Set down all of the entries below word for word, with the pictures left out.
<<<<
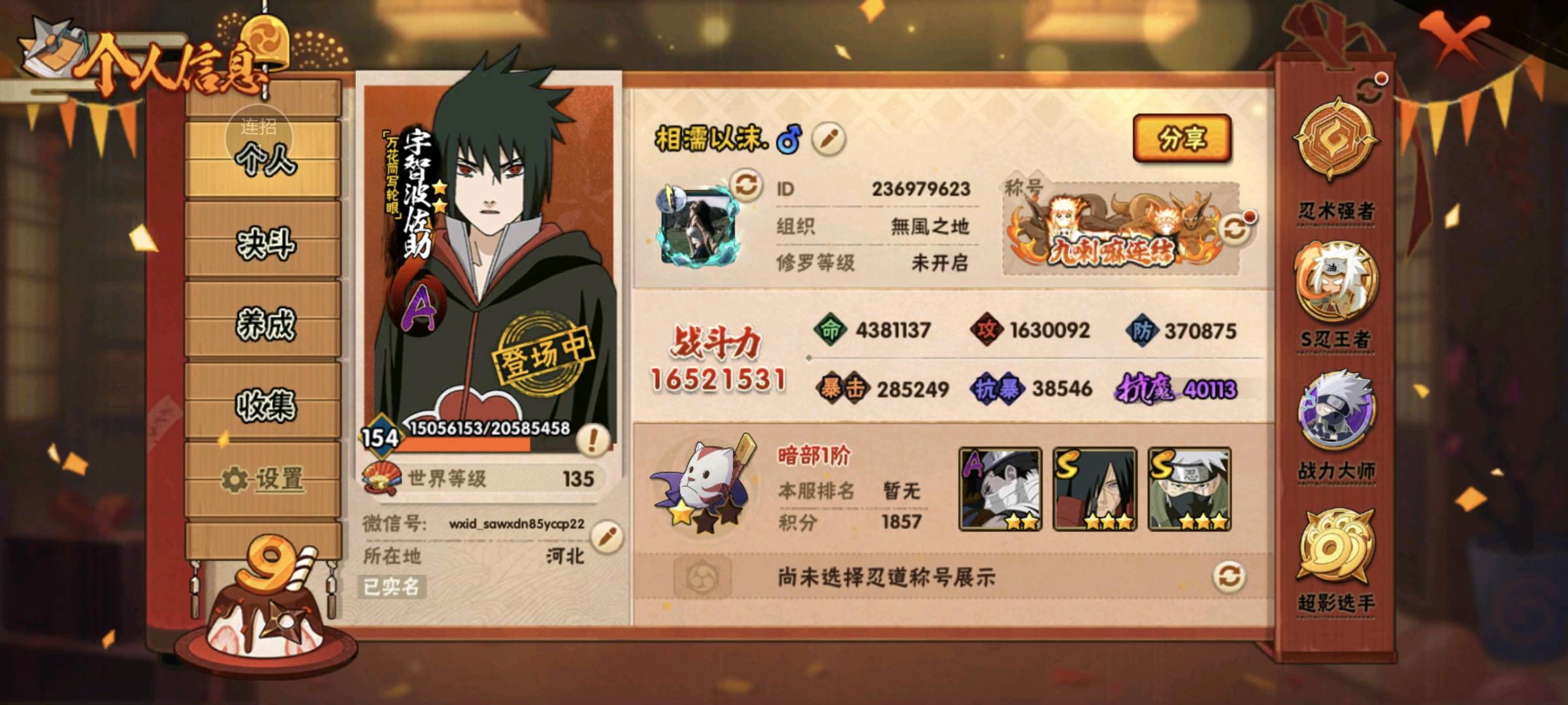 43S 65A 298忍者 1650万战力(五影会谈)斑/
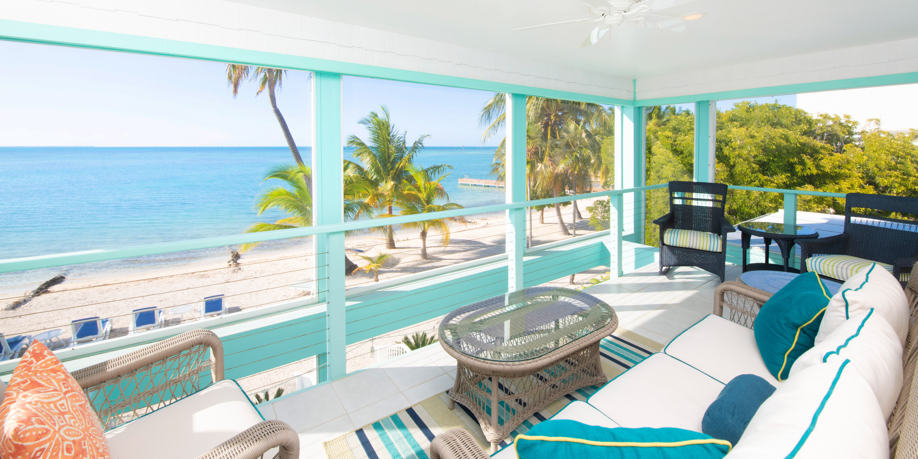 - Full-width screened porch with multiple dining and lounge areas overlooking the beach.
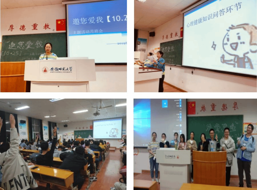 本网讯(生科院 胡玮 黄琳怡 张文婷)为了全面贯彻党的教育方针、推进素质教育,加强和改进大学生心理健康,提高大学生心理调节能力,培养良好的心理品质,10.25日晚2019级生物科学类一班二班于教学楼1409教室联合召开主题为“邀您爱我”的心理健康教育班会。班会由一班心理委员夏守群与二班心理委员朱灿灿共同主持,生科一班、二班全体学生参加了本次班会。
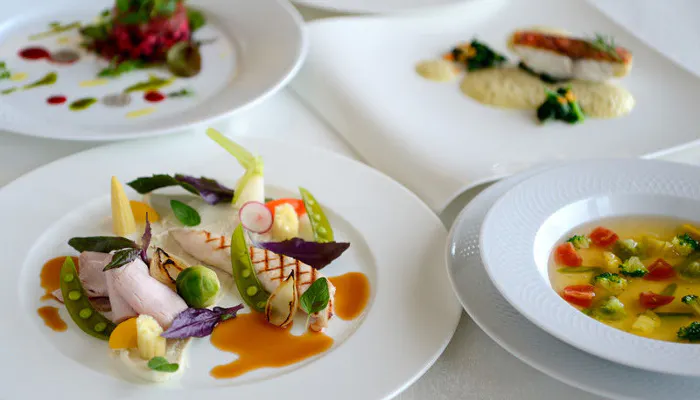 瑠璃色の海がどこまでも続く部瀬名岬に位置する「ザ・テラスクラブ ウェルネスタラソ アット ブセナ」は、“健やかなライフスタイル”を提案するウェルネスなリゾートホテル。夕食には沖縄の食材を、ヘルシーな調理方で仕上げた「ウェルネスキュイジーヌ」で体の内側から健康になりましょう。グルマンな方には「simaキュイジーヌ」がおすすめ。自分の好みに合わせて選んでみて。
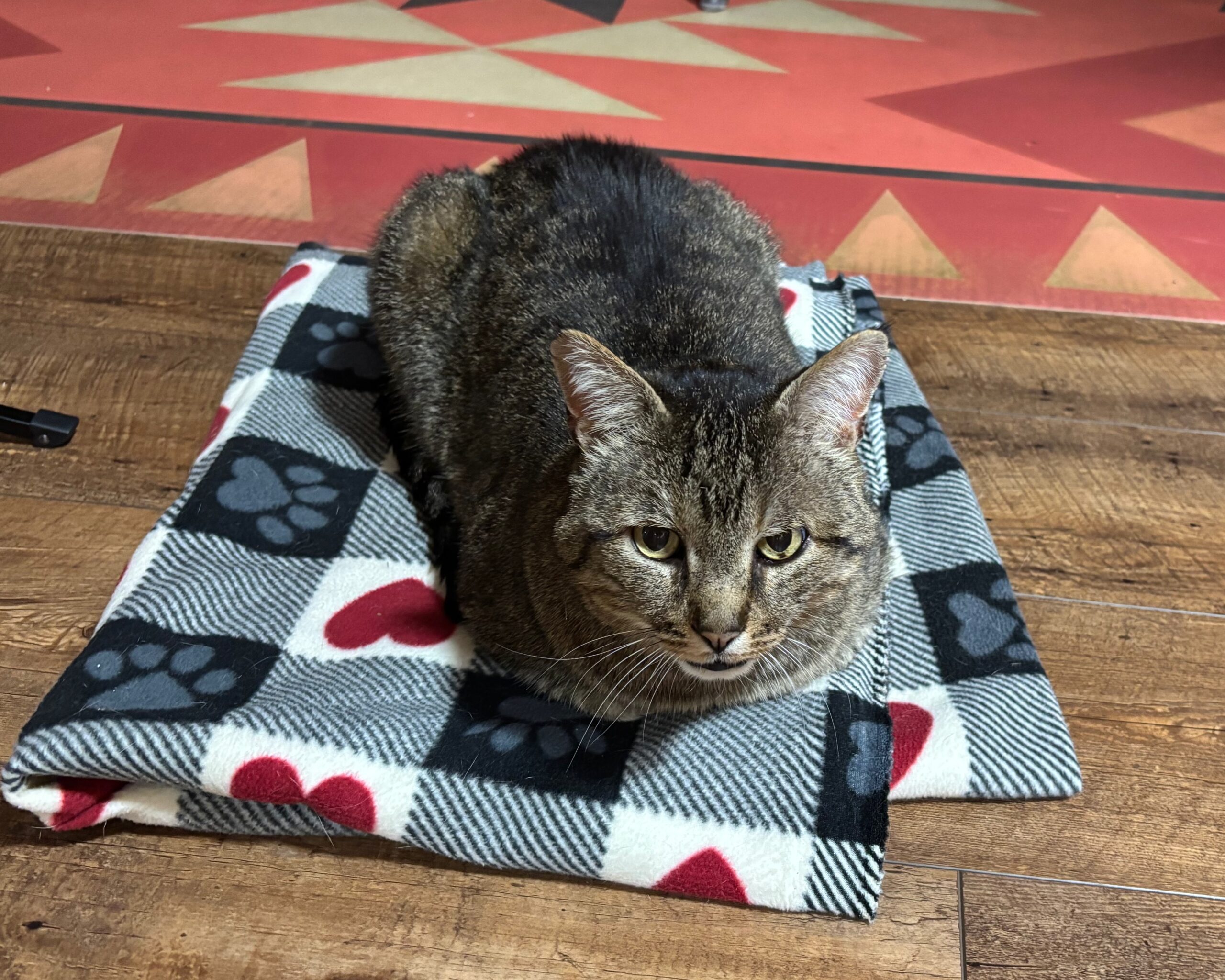 I offered my cat Miso a fleece blanket at the vet, putting it on the sofa next to me in the exam room. Miso was quick to take advantage of this, jumping up and “making biscuits” while waiting for his exam.
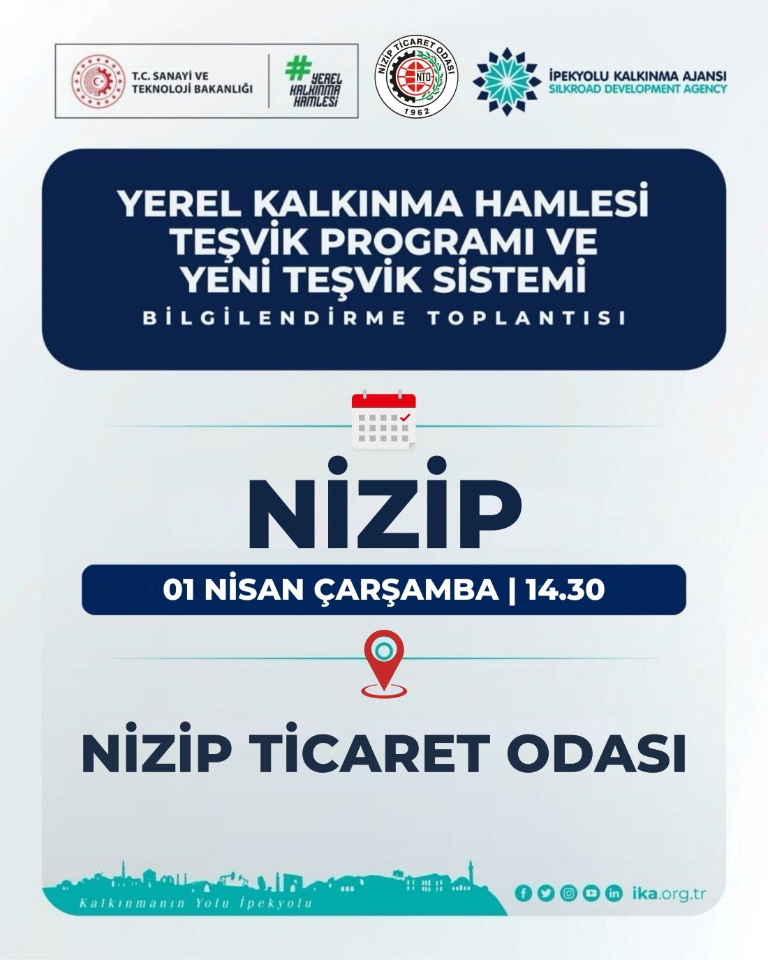 Sanayi ve Teknoloji Bakanlığı tarafından, Türkiye’nin bölgesel kalkınma öncelikleri doğrultusunda 81 ilde uygulamaya konulan Yerel Kalkınma Hamlesi Teşvik Programı ve Yeni Teşvik Sistemi’nin tanıtımı, İpekyolu Kalkınma Ajansı tarafından, Odamız ev sahipliğinde 01 NİSAN ÇARŞAMBA günü saat 14.30'da gerçekleştirilecektir.
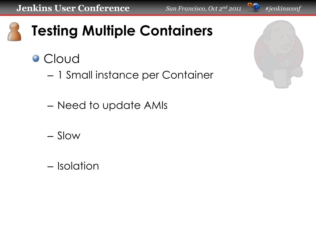 Testing Multiple Containers • Cloud • 1 Small instance per Container • Need to update AMIs • Slow • Isolation
>>>>
**TASK ANSWER**:
 43S 65A 298忍者 1650万战力(五影会谈)斑/
 - Full-width screened porch with multiple dining and lounge areas overlooking the beach.
 本网讯(生科院 胡玮 黄琳怡 张文婷)为了全面贯彻党的教育方针、推进素质教育,加强和改进大学生心理健康,提高大学生心理调节能力,培养良好的心理品质,10.25日晚2019级生物科学类一班二班于教学楼1409教室联合召开主题为“邀您爱我”的心理健康教育班会。班会由一班心理委员夏守群与二班心理委员朱灿灿共同主持,生科一班、二班全体学生参加了本次班会。
 瑠璃色の海がどこまでも続く部瀬名岬に位置する「ザ・テラスクラブ ウェルネスタラソ アット ブセナ」は、“健やかなライフスタイル”を提案するウェルネスなリゾートホテル。夕食には沖縄の食材を、ヘルシーな調理方で仕上げた「ウェルネスキュイジーヌ」で体の内側から健康になりましょう。グルマンな方には「simaキュイジーヌ」がおすすめ。自分の好みに合わせて選んでみて。
 I offered my cat Miso a fleece blanket at the vet, putting it on the sofa next to me in the exam room. Miso was quick to take advantage of this, jumping up and “making biscuits” while waiting for his exam.
 Sanayi ve Teknoloji Bakanlığı tarafından, Türkiye’nin bölgesel kalkınma öncelikleri doğrultusunda 81 ilde uygulamaya konulan Yerel Kalkınma Hamlesi Teşvik Programı ve Yeni Teşvik Sistemi’nin tanıtımı, İpekyolu Kalkınma Ajansı tarafından, Odamız ev sahipliğinde 01 NİSAN ÇARŞAMBA günü saat 14.30'da gerçekleştirilecektir.
 Testing Multiple Containers • Cloud • 1 Small instance per Container • Need to update AMIs • Slow • Isolation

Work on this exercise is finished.